The MSD model used in this paper is just a simplified model. The model mainly considers the vertical GRF of a standard human; however, the horizontal GRF may also have an important effect on human movement. Furthermore, within this model, the variation of stiffness and damping characteristics among individual muscles is overlooked, and the established safe area is derived from simulations. Each person’s central nervous system may exhibit different behaviors. We must also recognize that human muscle movement is an extremely complex process that is influenced by many factors, such as physical activity level, age, gender, etc. These individualized factors can lead to differences in muscle activity between individuals, and it is clear that the models considered in this paper have not been able to incorporate these factors. Therefore, a more realistic exercise model can be established in future work to consider these diversity factors more comprehensively, and these factors can be incorporated into the mechanical parameter optimization of the treadmill.
5. Conclusions
In this paper, by improving the original MSD human motion model and introducing the stiffness and damping of the treadmill deck, the optimum range of the running table parameters is discussed from the angle of the theory of muscle activity regulation. The ability of the muscle to move is considered to be the boundary of the range of muscle viscoelastic parameters used to simulate pre- and post-fatigue states. The results show that: (1) the mechanical parameters of the treadmill deck play a key role in the process of muscle activity regulation, there exists such a safe area provided by a theory based on muscle activity; (2) there is little variation in the peak values of GRF in the safe area, however, it is worth noting that the safe area post-fatigue is less than 1/3 of the pre-fatigue area; (3) the damping ratio is recommended to have an inverse relationship with stiffness when designing a treadmill and its stiffness is not recommended to exceed 650 kn/m. Considering the cost and time of experimental testing, manufacturers can refer to the results of this study when designing treadmills, either by adopting a specific hardness or by introducing treadmills with adjustable deck hardness to meet the physiological needs of different exercisers and reduce the risk of sports injuries.

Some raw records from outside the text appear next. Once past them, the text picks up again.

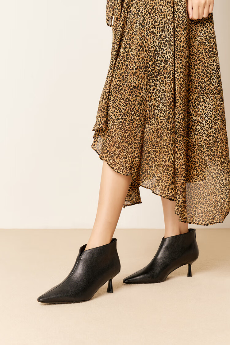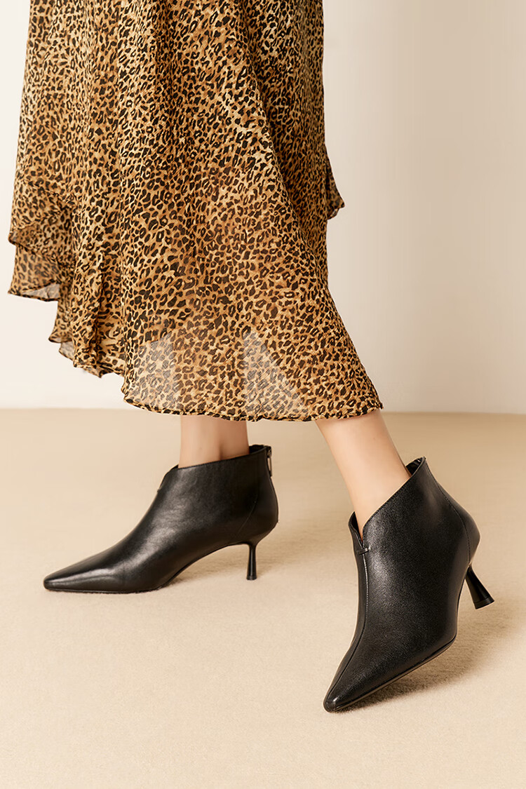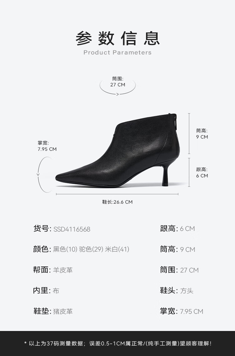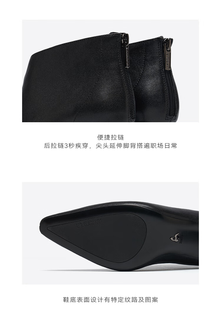St&Sat星期六休闲百搭切尔西靴2025冬款细跟休闲时尚短靴女SSD4116568 黑色 34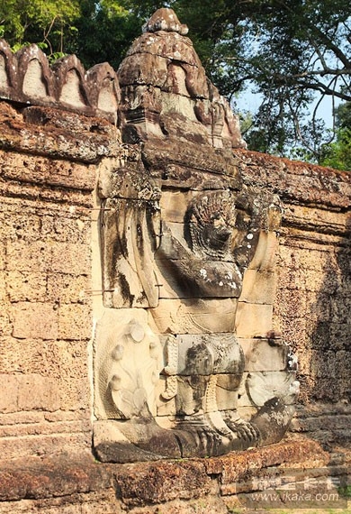 在東方來說,迦樓羅以人面鳥身、鳥面人身或全鳥身形象出現。在中國,迦樓羅結合了古代傳說中的大鵬形象,成為了佛祖的坐騎之一,是古代世界性的巨鳥崇拜的體現,有趣的是迦樓羅在印度或是中國總要抓著蛇(或龍);在這邊石牆上的迦樓羅(Garuda)舉起的雙手各抓著一條naga(龍),這邊說的龍外型跟我們常見的中國龍不同,有著眼鏡蛇的樣子,通常有五或是七個頭,naga龍其蛇的外貌是熱帶地區對眼鏡蛇崇拜的體現,naga在吳哥窟是無所不在,到處都看的到。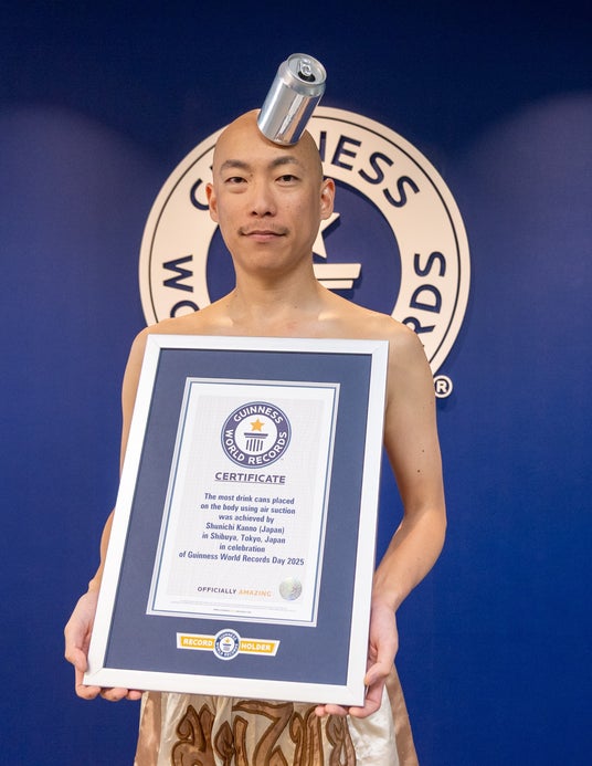 一方、日本では、2020年に初めて20本のドリンク缶を体につけ、「空気吸引で缶を体につけた最多数」に認定された菅野俊一さんが自ら記録を25本に伸ばしました。菅野さんは頭部のみに缶をつけた記録も2023年に更新しており、その記録は『ギネス世界記録2026』に掲載されています。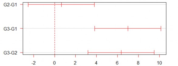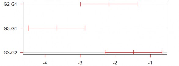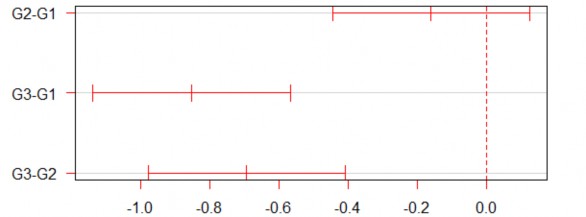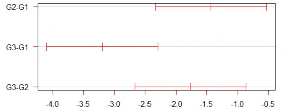Thông qua phương pháp phân tích hậu định là Tukey’s Honest Significant Difference để tìm những khác biệt thực sự. Kết quả thu được thấy, chỉ số khác biệt thành tích Tại chỗ ném 3 điểm, 10x3 (quả vào) giữa 3 cặp so sánh theo giai đoạn từ 1.222 đến 3.444 với khoảng tin cậy 95% ở mức thấp nhất là 0.209 và cao nhất là 4.458, như vậy đều nhỏ hơn 0 với P<0.05 và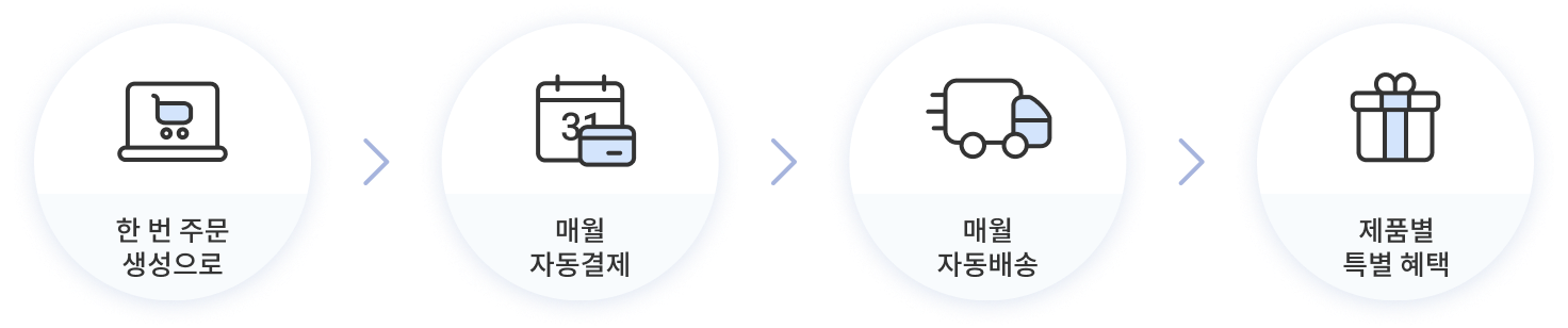 한번 주문 생성으로, 매월 자동결제 및 배송되는 편리한 정기구매 경험을 체험해보세요!

Through this study, we have a deeper understanding of the design of treadmill deck and the optimization of human motion model. Later, this research could be extended to consider more factors and parameters to explore the treadmill deck parameters’ accuracy further. In general, this paper provides insights for understanding the influence of muscle activity regulation on treadmill deck parameters and provides a useful reference for the optimal design of treadmill deck and the improvement of human movement model.